Back in Brooklyn and controversy: uproar over the gassing of 290 Canada geese in Prospect Park.
I believe in a personal, emotional connection to wildness; I think this is profoundly important, but, like most things emotional, it can be carried too far. Into the realm of obsession, of people who think they are the caretakers of wild animals. Or that wild animals are their “pets” – yes, someone on the Prospect Park Facebook page said that the geese were the pets of children who didn’t have dogs or cats at home. This is Grizzly Man territory, very much the wrong way to relate to nature. Every feeder of garbage bread to waterfowl is part of the problem. Equally, the celebrants of the destruction, and there are plenty of them (the internet doth bring out the best in peeps, doesn’t it?) show their deformed perspective.

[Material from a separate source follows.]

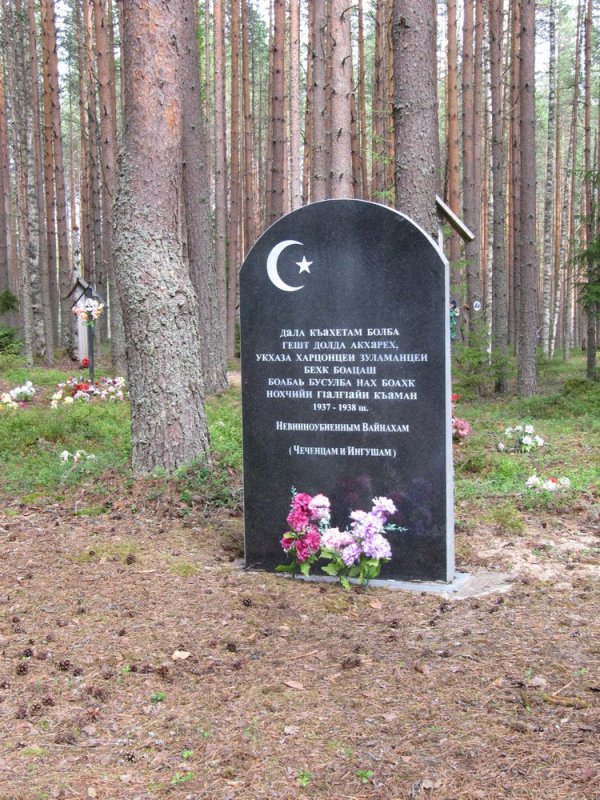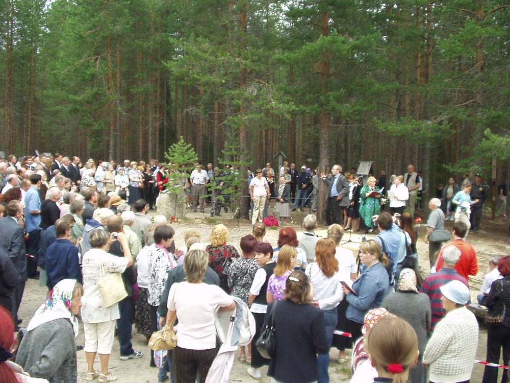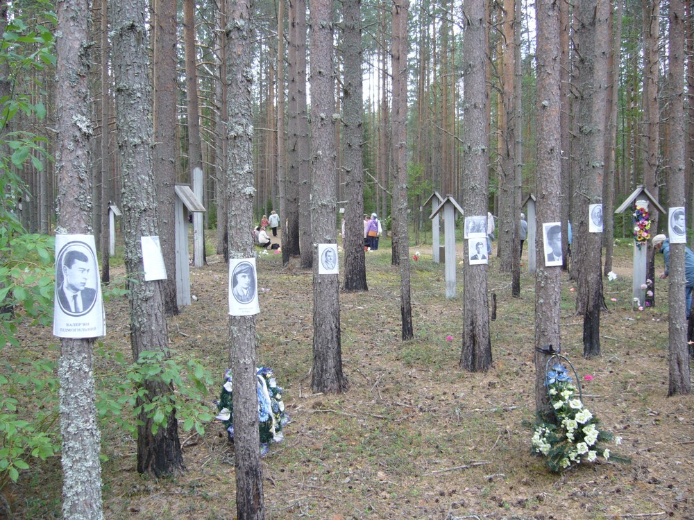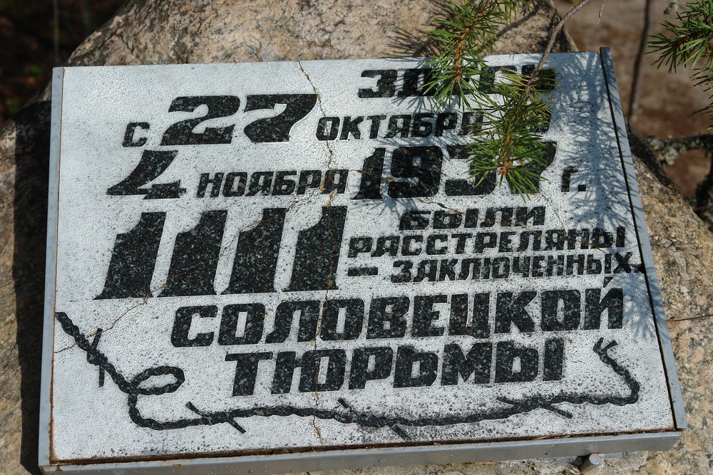 Одно из них – «Сандармох» - расположенный в 19 км от города Медвежьегорск (посёлок и станция Медвежья Гора, Медгора), который был в 1931–1941 гг. одним из центров ГУЛАГа – столицей БелБалтлага, Беломорско-Балтийского канала и БелБалткомбината (ББК). Название месту расстрелов дали по ближайшему нежилому урочищу.Место массовых захоронений было обнаружено в 1997 году. Тогда же было проведено благоустройство мемориального кладбища. В 1998 году возведена православная часовня, установлен монумент с барельефом «Расстрел с ангелом» (автор – Григорий Салтуп).

I think it is important to remember that the geese are an introduced, invasive species. They out-compete native species and transform habitat to their own ends, narrowing the range of what else can thrive in the environment, limiting biodiversity. Like house sparrows and starlings, also introduced species, Canada gees thrive in the human context — in this case, our lawns, golf courses, and parks. They will be back in the park very soon, filling the niche we’ve made for them. This is bad news for other species, but unfortunately less glamorous, less cute, less tame species haven’t captured the hearts of the children. Prospect Park is home (permanently and temporarily) to about two hundred species of birds, something lost in this controversy.
The radical human transformation of the wild means that we sometimes have to make hard, perhaps impossible, decisions about managing wildness, because frankly, and tragically, all wildness is now at the mercy of humanity. Prospect Park is only a microcosm of the world we have made. Hysteria, misinformation, and delusions don’t help.